I’ve found the answers are always in the silence, if you aren’t too scared to listen.
Personal growth requires fearlessness.
People tell me I’m a “fucking bad ass” with “the most gigantic balls of anyone they know”. Some say I’m inspirational. Others claim to live vicariously through me. My family and friends tell me how proud they are of me. Truth is, the leaps I take in my life scare my face off most of the time. I never know exactly what I’m getting myself into, but the cocktail of excitement, opportunity and fear fuels me.

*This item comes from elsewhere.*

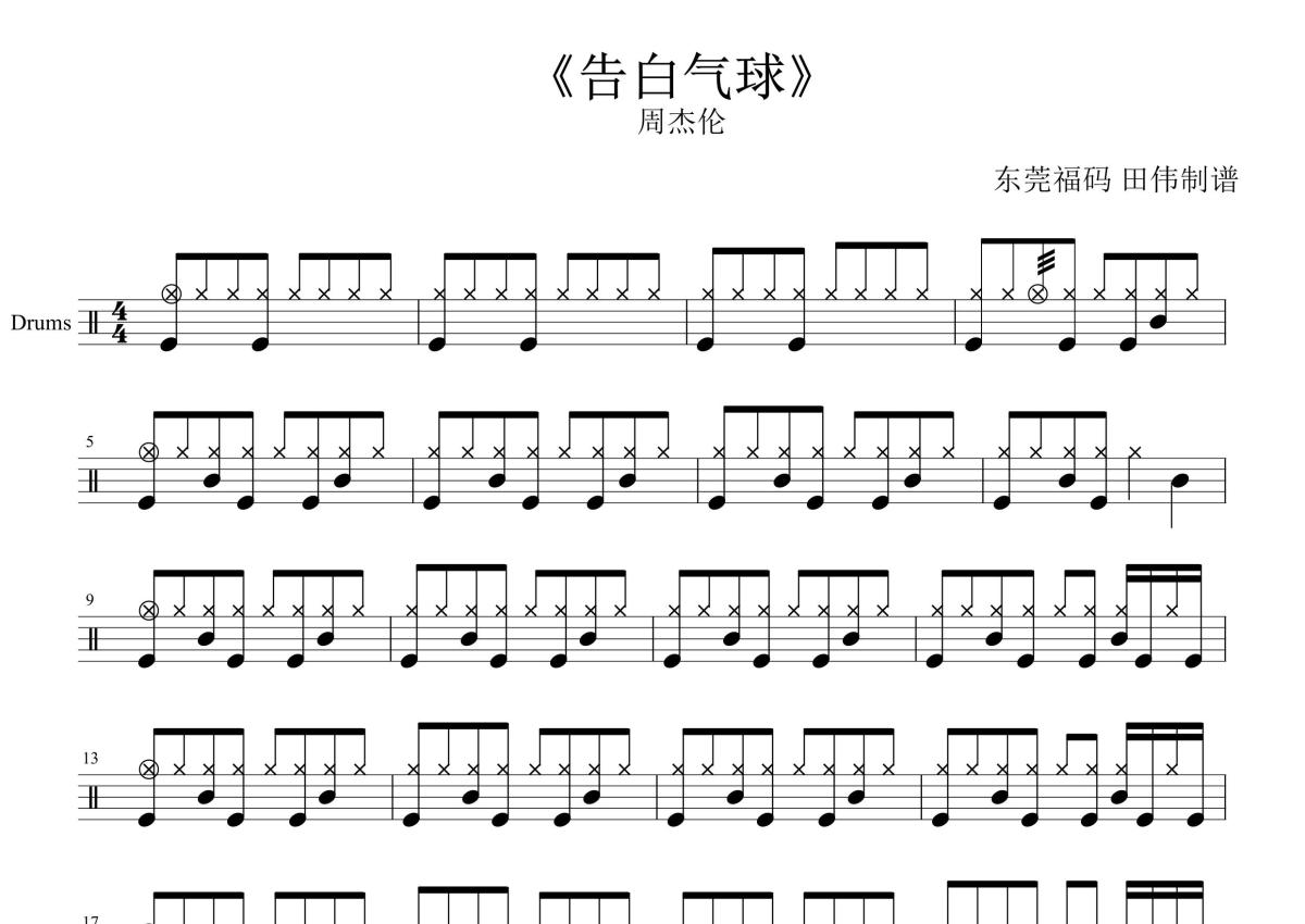 《告白气球》是周杰伦演唱的一首歌曲,这份鼓谱共有两张高清图谱,图谱由 @田伟制谱工作室 编配上传,图谱使用五线谱编配,使用这份告白气球架子鼓谱,你将能够轻松地敲打出这首周杰伦的告白气球,快来尝试吧。

I’ve learned to surf the wave of fear like a pro and have one helluva ride discovering the opportunities as they unfold. The excellent stories I get to share at parties are my favorite residual effects of my lifestyle – I aim to entertain while sharing my life experience. (If you don’t know me and are curious, you can do some recon here.)
How do you become fearless?
So, back to that road trip story. I woke up on day four, primed to drive through the Mohave Desert en route to visit the lovely Sanregret’s in the quaint, Danish town of Solvang, California. I picked up my phone at 6am to find a slew of missed calls and text messages – John Mudge, one of my best guy friends was dead. I pulled the scratchy, cheap motel sheets up over my face and sobbed. Alone, shocked, powerless – I’d never felt it all so deeply.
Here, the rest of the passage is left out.